INFORMATION PROVIDED:
———
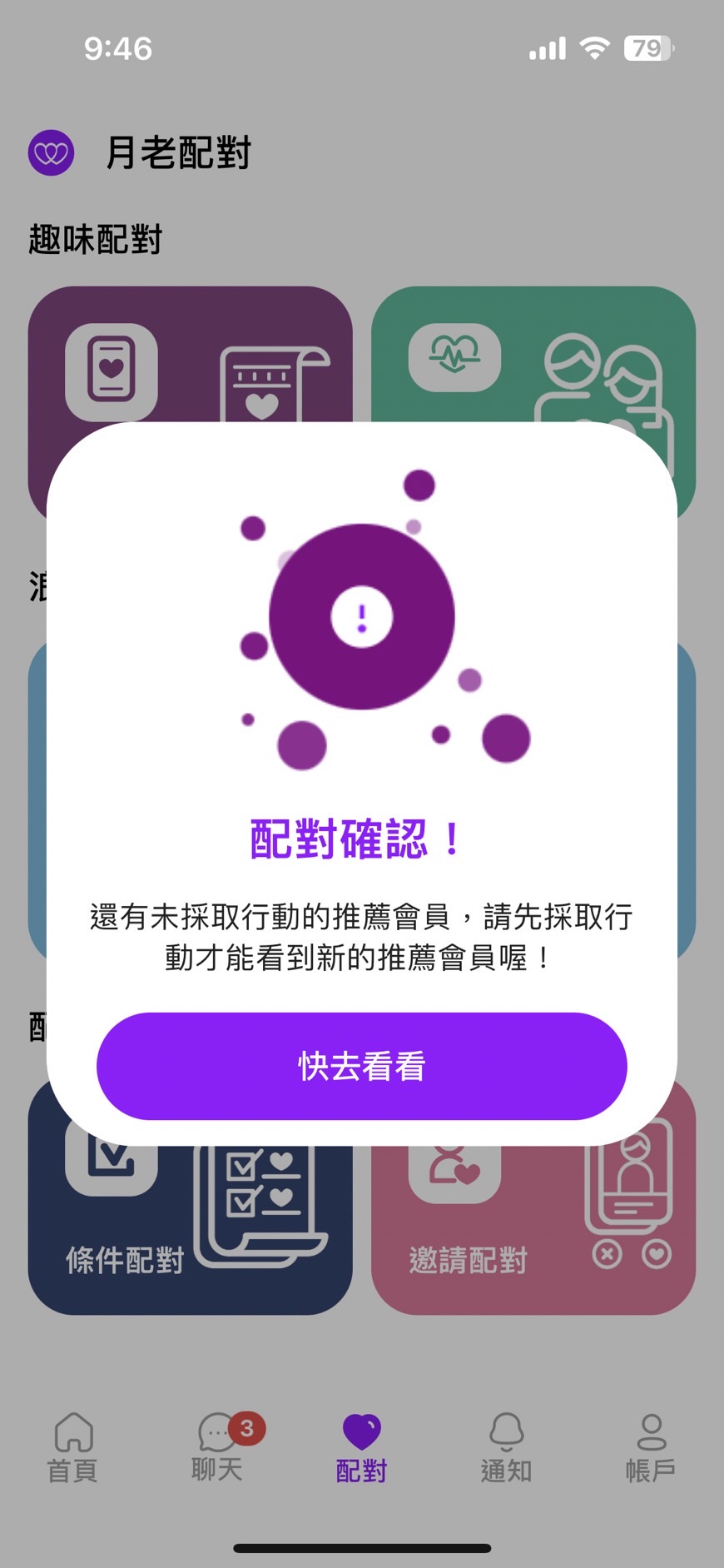 當點選任何一種配對模式時,如果有跳出配對確認,代表還有未採取行動的對象喔,系統推薦的每一個對象,你都必須要採取一個行動,有不喜歡、猶豫、喜歡三種,採取行動後就不會再看到相同會員了!
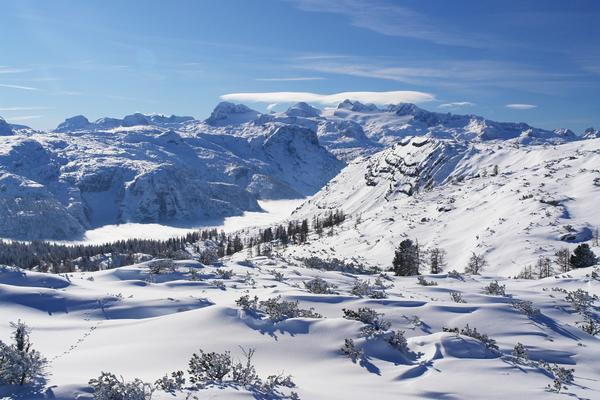 ... die höchsten Dachsteingipfel. Auf den Gipfeln war es heute weitgehend windstill. Gelegentlich das eine oder andere Wölkchen.
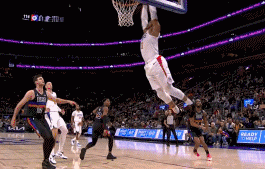 哈登威少又上演“登威连线”,威少也兴奋地吃一T! 北京时间2月3日,快船与活塞的比赛进行至末节8分40秒,哈登与威少又上演“登威连线”,不过,威少由于拍篮板也吃一T。 图一:哈登右侧弧顶持球,威少经典的左侧空切,哈登送高抛,威少空接重扣,经典的登威连线。 图二:不过,少爷太兴奋,扣完篮后右手拍了一下篮板,裁判也给他一T,哈哈。
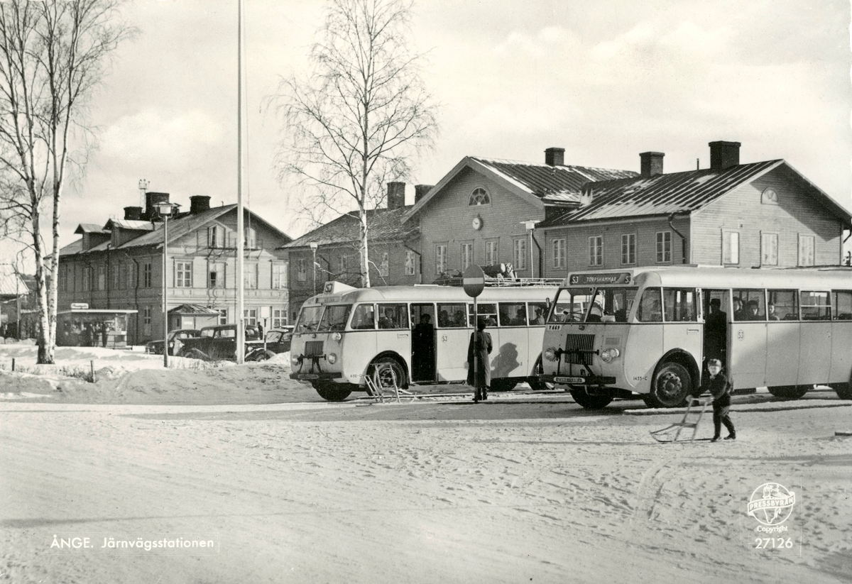 Ånge järnvägsstation. Anslutningsbussar står framför stationen. Vykort.
———
WORK REQUEST:
In your reply, please print exactly the lines from the one with "oder andere Wölkchen." through the final line of the listing above, both included, and no pictures.

TASK RESPONSE:
 ... die höchsten Dachsteingipfel. Auf den Gipfeln war es heute weitgehend windstill. Gelegentlich das eine oder andere Wölkchen.
 哈登威少又上演“登威连线”,威少也兴奋地吃一T! 北京时间2月3日,快船与活塞的比赛进行至末节8分40秒,哈登与威少又上演“登威连线”,不过,威少由于拍篮板也吃一T。 图一:哈登右侧弧顶持球,威少经典的左侧空切,哈登送高抛,威少空接重扣,经典的登威连线。 图二:不过,少爷太兴奋,扣完篮后右手拍了一下篮板,裁判也给他一T,哈哈。
 Ånge järnvägsstation. Anslutningsbussar står framför stationen. Vykort.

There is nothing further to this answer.